Вера закрыла блокнот и посмотрела на меня. Спросила, знаю ли я, что значит «люди воды». Я сказал, что нет, хотя внутри у меня что-то шевельнулось — какое-то воспоминание из детства, которое я не мог ухватить. Мать что-то рассказывала про болотного человека, про русского, который пришёл из топи и остался жить. Но это было так давно, и я был тогда совсем маленьким, что принимал её рассказы за сказки, за способ не пускать меня в опасные места. В ту ночь я долго не мог уснуть. Лежал и думал о том, что этот мёртвый человек у болота искал своего отца сорок пять лет, и о том, что моя мать, возможно, знала что-то, чего так и не рассказала мне.

Утром я сказал Вере, что знаю человека в Тугуте, который может что-то помнить про ту экспедицию. Бывший геолог по фамилии Грязнов, старик за семьдесят, всю жизнь проработал в этих местах. Если кто и слышал про события пятьдесят третьего года, то, скорее всего, он. Вера кивнула и сказала, что поедет со мной, если я не против. Я не был против.

До Тугута добирались почти целый день.
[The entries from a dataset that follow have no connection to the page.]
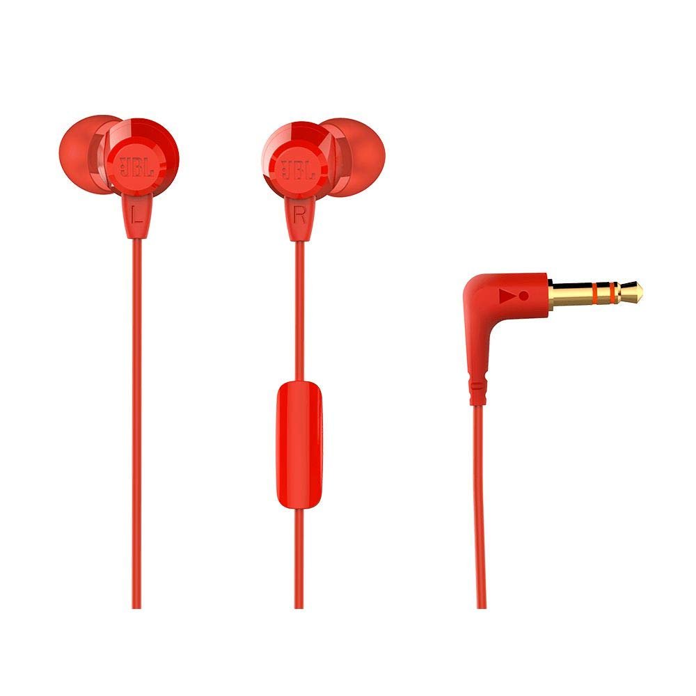 JBL C50HI, Wired in Ear Headphones with Mic, One Button Multi-Function Remote, Lightweight & Comfortable fit (Red)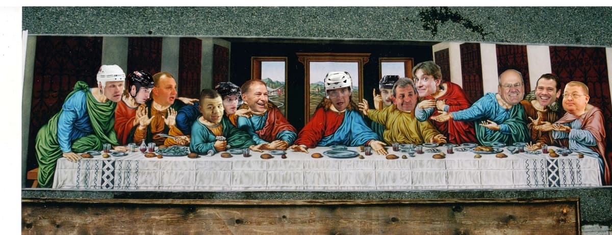 Ahh, the Last Supper. Always fertile ground for parody. Notice Kevin Lowe to the left.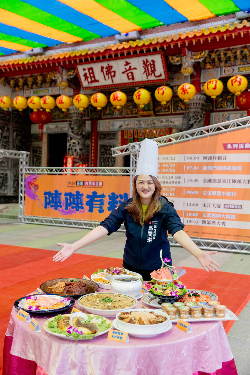 2026高雄內門宋江陣重頭戲之一的「宋江大宴」,今年由觀音佛祖神明欽點「四合一筵席」薛志龍總舖師掌鼎,推出10道功夫手路菜,3月28日起開席。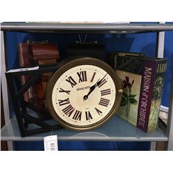 SHELF LOT OF DECORATIVE ITEMS - GRAND HOTEL PARIS CLOCK & 5 DECORATIVE BOXES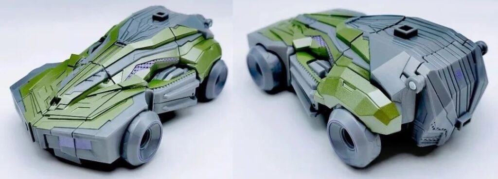 The Cybertronian car (its vehicle mode after transformation) also feels quite plain. A large area of gray covers the entire body, making the green paint isn’t very noticeable. Its overall performance is not as good as Barricade’s vehicle mode.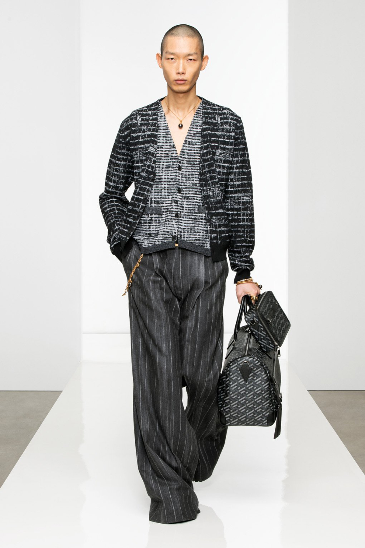 Joyas colocadas con total naturalidad, transmitiendo que forman parte del estilismo y que son un must. Así lo transmite Versace en su desfile FW22 con colgantes, pulseras y anillos. Las perlas, formas geométricas, logos o anillos sello toman el protagonismo.

Сначала на моторке вниз по реке, потом ещё несколько часов до посёлка. Вера сидела на носу лодки и смотрела на берега, на бесконечную тайгу, уходящую к горизонту. И я видел, как она пытается понять, что её брат искал в этих местах и почему не смог остановиться. Мы почти не разговаривали, но молчание было не тяжёлым, а скорее таким, когда два человека думают об одном и том же и не хотят мешать друг другу.
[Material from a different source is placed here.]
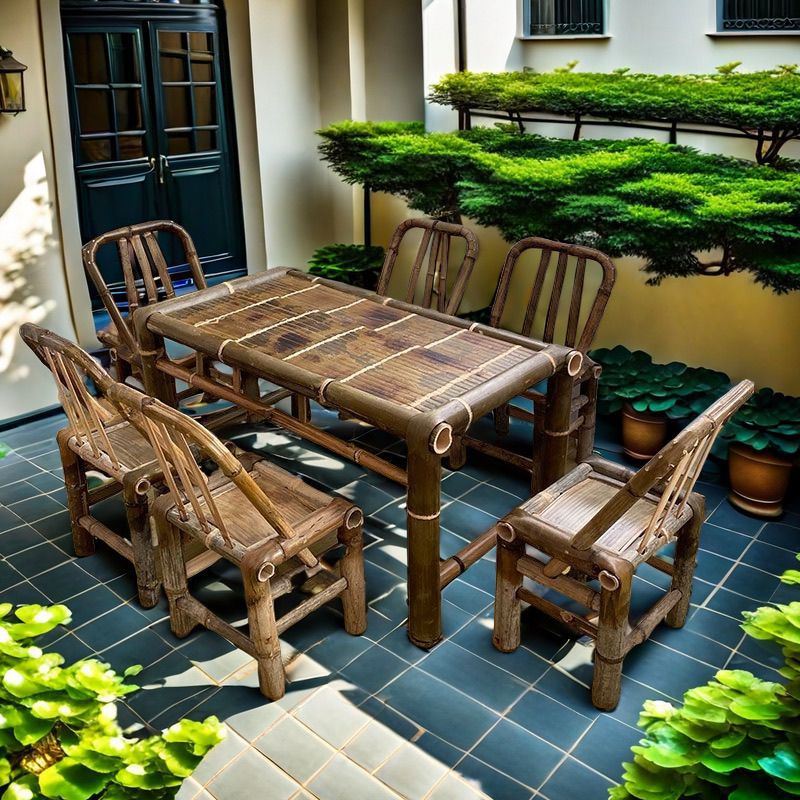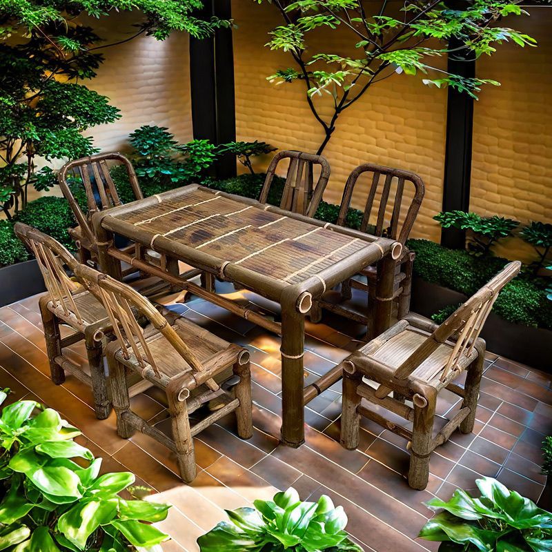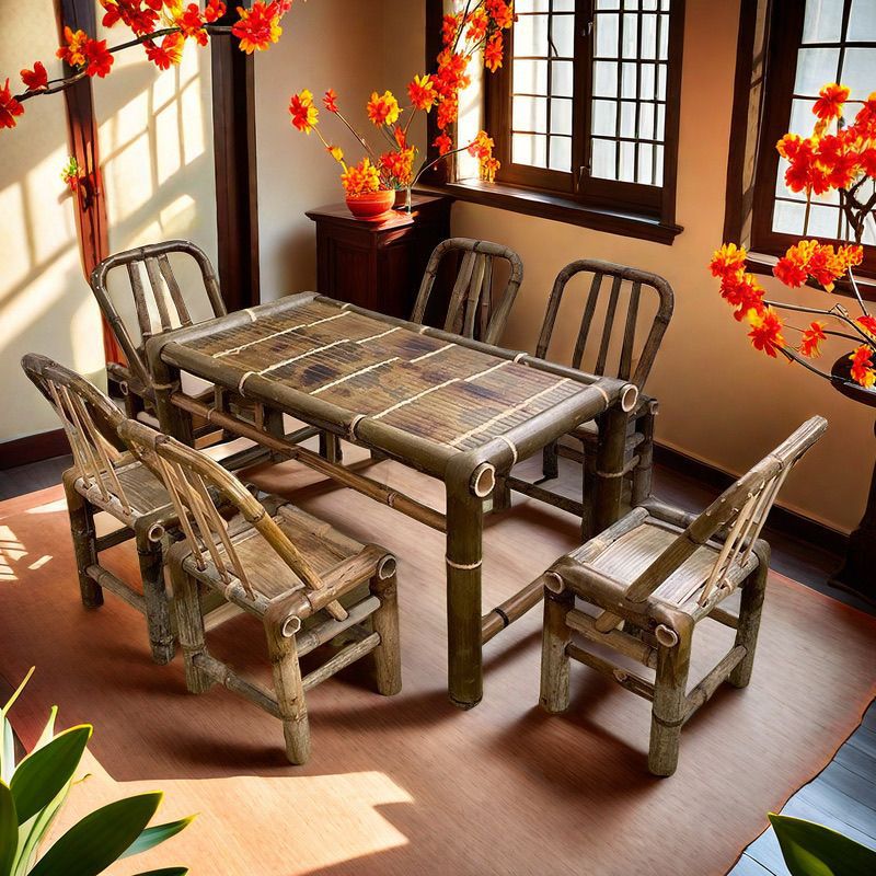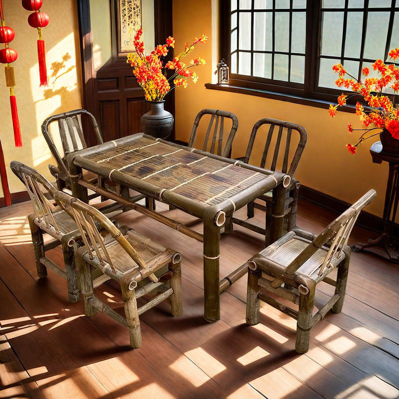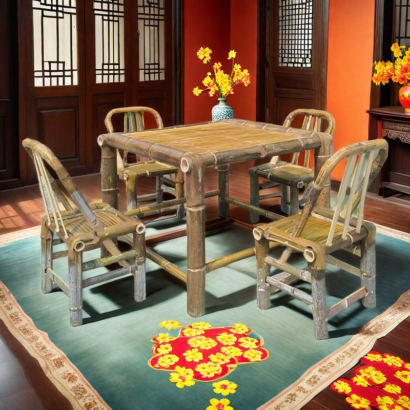 중국 스타일 빈티지 테이블 대나무 테이블과 의자 풀 세트 야외 요리 차 테이블 식사 테이블 커피 테이블 사무실 뜨거운 냄비 대나무 테이블

Грязнова я нашёл дома в маленькой квартире на втором этаже панельной двухэтажки. Он открыл дверь, посмотрел на меня, потом на Веру и сразу всё понял — ещё до того, как я успел объяснить. Сказал только, что ждал, когда кто-нибудь придёт. Провёл нас на кухню, поставил чайник и сел напротив, сложив руки на столе. Он рассказал, что Игорь приходил к нему в начале июля, расспрашивал про экспедицию пятьдесят третьего года. Грязнов рассказал ему то, что знал сам, а знал он немного. Был такой район в верховьях реки, который до пятьдесят восьмого года считался закрытым. Почему закрытым — никто толком не объяснял, но старожилы говорили, что там работала какая-то партия в начале пятидесятых и не вернулась. То ли геологи, то ли геофизики, то ли ещё кто. Официально всё списали на несчастный случай — болото, трясина, тайга забрала. Но ходили слухи, что место там нехорошее, что в низинах скапливается газ, от которого люди засыпают и не просыпаются. Ханты это место обходили стороной, называли его мёртвой землёй.
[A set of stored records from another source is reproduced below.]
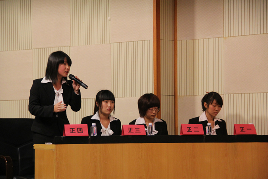 主持人开场后,双方分别开篇立论。正方论点是“正义有利于法律制度的完善,有利于道德的进步,推动社会的发展。”并引经据典,例举了布鲁诺、孙志刚等多种案例论证。反方的论点是“正义具有时效性。迟来的正义无法捍卫其职责,恰恰说明对当事人已经造成了伤害。”紧接着一个环节接着一个环节,双方辩手争锋相对,犀利的措辞让台下掌声不断,气氛达到了最高点。比赛十分精彩。在总结陈词阶段,双方四辩再次从各个角度论证了己方的观点,并指出对方漏洞,出色的表现给观众留下了深刻的印象。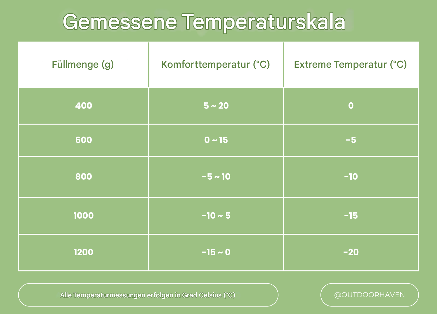 Temperaturskala Tabelle für Schlafsäcke, Komfort- und Extremtemperaturen in Grad Celsius.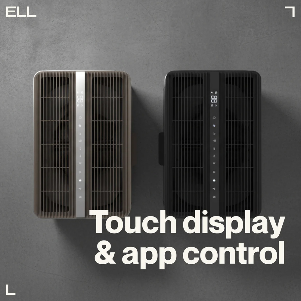 Smart styrning och tyst användning. Luftrenaren kan styras via app eller elektronisk touch-display, vilket gör det enkelt att anpassa inställningar efter behov. Den låga ljudnivån gör att ELL Pury Golden kan användas både dag och natt utan att störa.
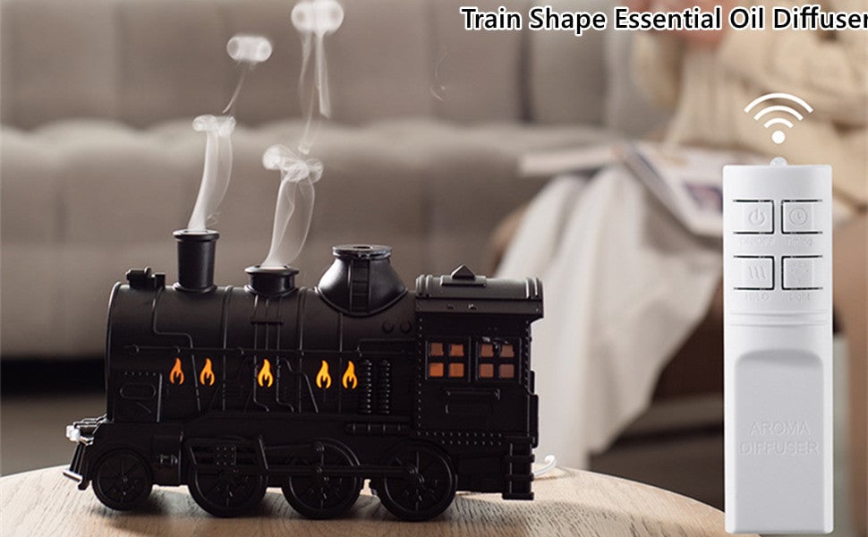 - LOCOMOTIVE SHAPED ESSENTIAL OIL DIFFUSER: This train diffuser combines retro style with functionality; It’s a humidifier, aromatherapy diffuser, and night light with blue and flame-colored lights; Can relieve physical discomfort caused by dry air
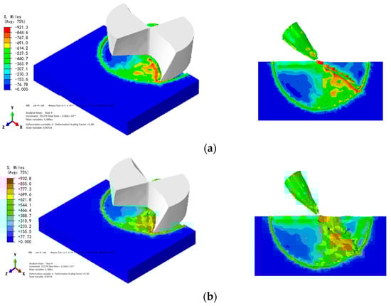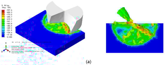It can be seen from the above simulation results that in the micro-milling process, the stress at the tool–workpiece contact area is always relatively high. And due to the anisotropy of the monocrystalline material DD5, at every moment in the micro-scale milling process, when the tool cuts different positions of the workpiece, there are differences in the stress distribution on the workpiece surface. From the stress nephogram in Figure 6, it can be seen that as the milling speed increases, the milling force tends to decrease; from the stress nephogram in Figure 7, it can be seen that as the milling depth increases, the milling force tends to increase.
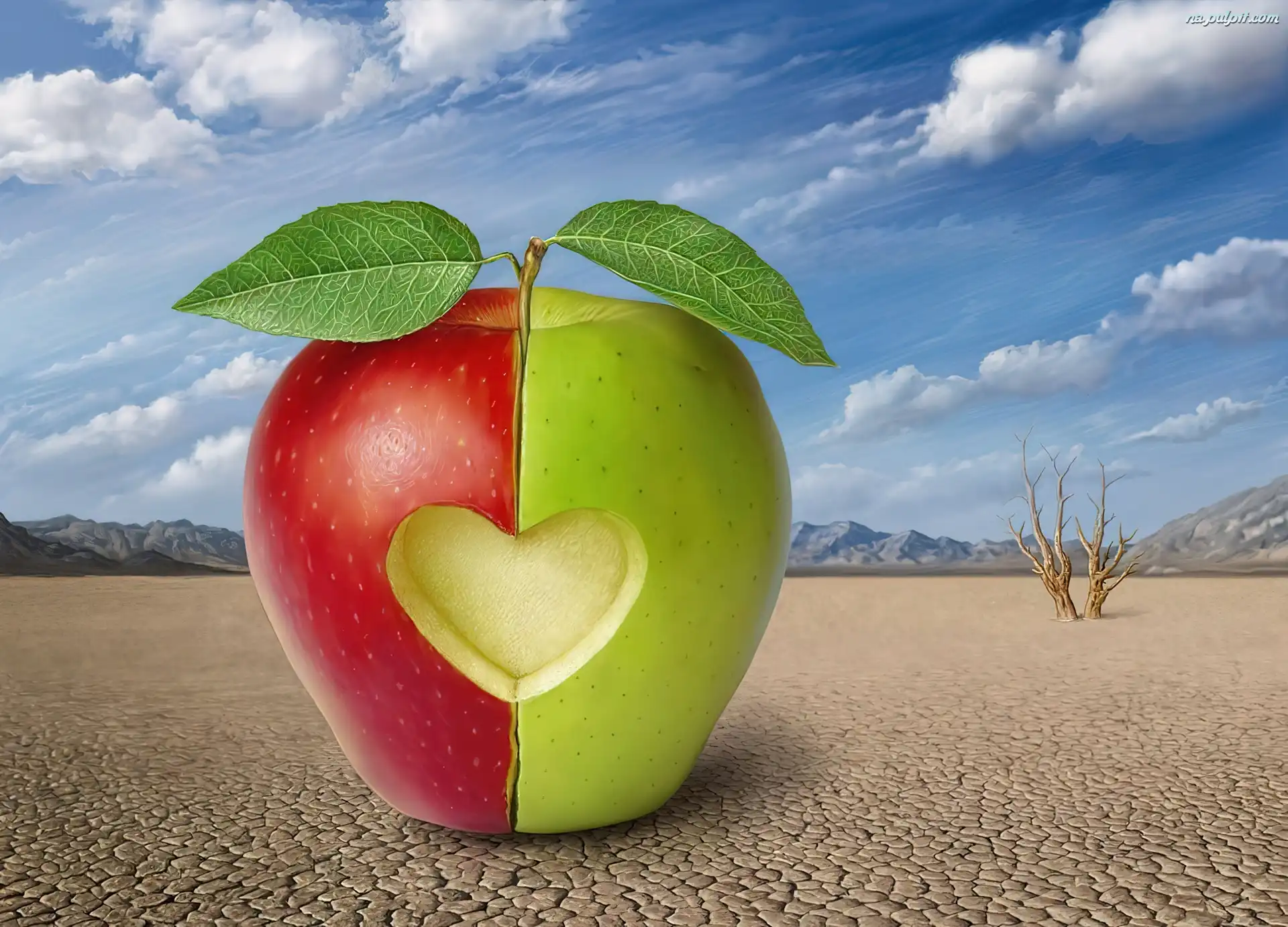Serce, Czerwone, Zielono, Jabłko Na Pulpit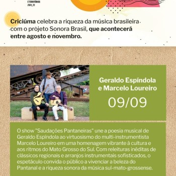 O projeto nacional Sonora Brasil Sesc – Região Centro-Oeste traz a Criciúma o espetáculo “Saudações Pantaneiras”, no dia 9 de setembro (terça-feira), às 19h30, no

Грязнов замолчал, посмотрел на Веру и добавил, что он предупреждал Игоря. Говорил ему, что не надо туда ходить одному, что если хочет искать, пусть возьмёт проводника, пусть подготовится как следует. Но тот только махнул рукой и сказал, что всю жизнь ждал этого момента и не собирается ждать ещё. Грязнов развёл руками и сказал, что вот так оно и вышло. Он пошёл и не вернулся, и теперь старик чувствует себя виноватым, хотя понимает, что остановить его всё равно было невозможно.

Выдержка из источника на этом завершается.